Niedokładnie zamknąłem zamek w bagażniku i gdzieś na wybojach wypadł telefon, klucze i zapasowe szybki okularów (futerał został!). W%^&rw z rana na maksa, ale wystarczyło zadzwonić na swój numer a miła pani powiedziała gdzie mam się zgłosić po zgubę. Reszta przepadła...
Coś mi wlazło pod łopatkę i nie mogę spojrzeć się przez lewe ramię. Akurat w mieście ta "funkcja" jest często potrzebna, więc trochę się tym martwię...
Obecnie rano jest chyba najprzyjemniej jeździć. O 5:30 - 21st, "lekkie" słońce, brak wiatru - szkoda, że jestem w stanie wyrwać tylko 2 godziny. Od pierwszego budzika do wpięcia się w spdy mija zaledwie 25min. - za to prawie nikogo na drogach nie ma. 55km - 1:50- średnia utrzymana.
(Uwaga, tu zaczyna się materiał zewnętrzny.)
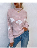 Damtröja – Ullstickad – Relaxed Passform – Hög Hals – Långa Ärmar Blommönster
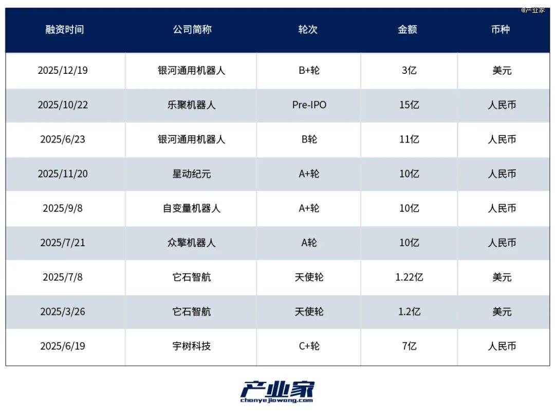 不过,却表现出的极强资金吸纳能力。例如12月19日,银河通用获得了3亿美元的B+轮融资;10.22日,乐聚机器人获得了15亿人民币的Pre-IPO融资;6月22日,星动纪元获得了10亿人民币的A+轮融资;9月8日,自变量机器人获得了10亿人民币的A+轮融资……
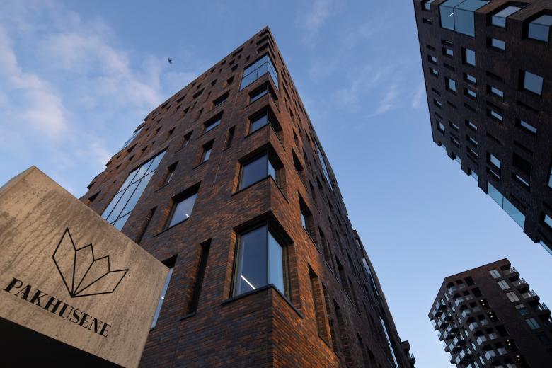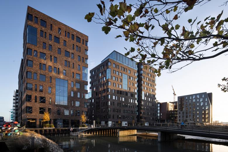 Pakhusene is a striking and innovative construction project in eastern Aarhus; striking by virtue of its stringent lines, tactile brick facades and 40,000 square metres, and innovative by virtue of its focus on harnessing the many possibilities of the sharing economy, making it a sustainable powerhouse focused on community. It is a powerhouse that is teeming with life from early morning to late into the evening, and it is also the first building of the new harbour district to be awarded DGNB Gold certification.
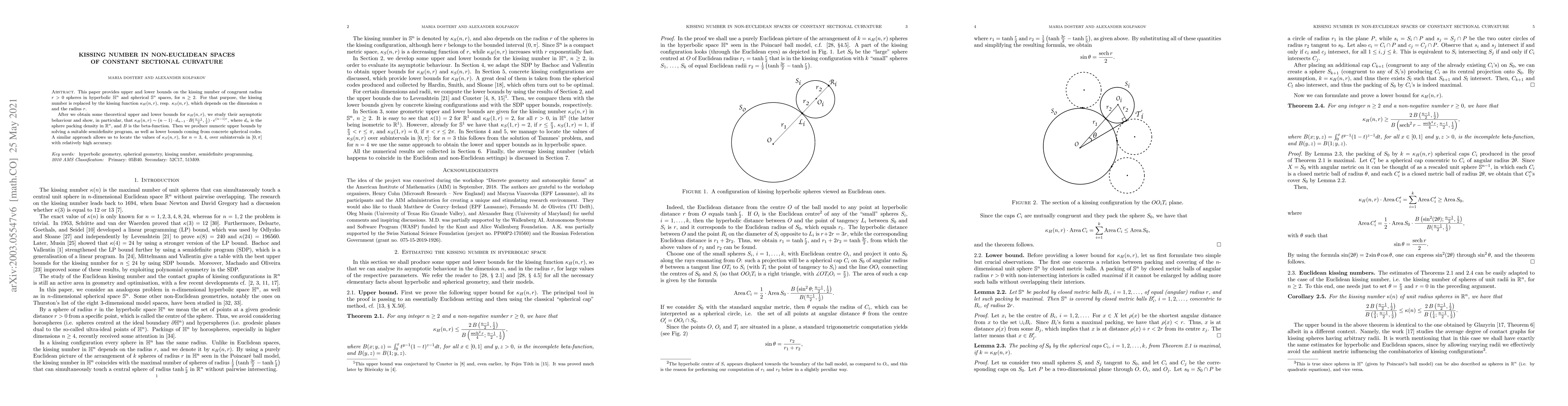 This paper provides upper and lower bounds on the kissing number of congruent radius $r > 0$ spheres in hyperbolic $\mathbb{H}^n$ and spherical $\mathbb{S}^n$ spaces, for $n\geq 2$. For that purpose, the kissing number is replaced by the kissing function $\kappa_H(n, r)$, resp. $\kappa_S(n, r)$, which depends on the dimension $n$ and the radius $r$. After we obtain some theoretical upper and lower bounds for $\kappa_H(n, r)$, we study their asymptotic behaviour and show, in particular, that $\kappa_H(n,r) \sim (n-1) \cdot d_{n-1} \cdot B(\frac{n-1}{2}, \frac{1}{2}) \cdot e^{(n-1) r}$, where $d_n$ is the sphere packing density in $\mathbb{R}^n$, and $B$ is the beta-function. Then we produce numeric upper bounds by solving a suitable semidefinite program, as well as lower bounds coming from concrete spherical codes. A similar approach allows us to locate the values of $\kappa_S(n, r)$, for $n= 3,\, 4$, over subintervals in $[0, \pi]$ with relatively high accuracy.

30:30x8 reszta luźno. temperatura o 6 - 19st - super, ale burzowo. Wczoraj pod Kołobrzegiem piorun z takiej małej burzy trzasnął obok drzewa pod którym schował się rowerzysta i go poraziło. Przypomniała mi się sytuacja, kiedy mnie na otwartej przestrzeni złapały niezłe pioruny - miałem wtedy sporego stracha!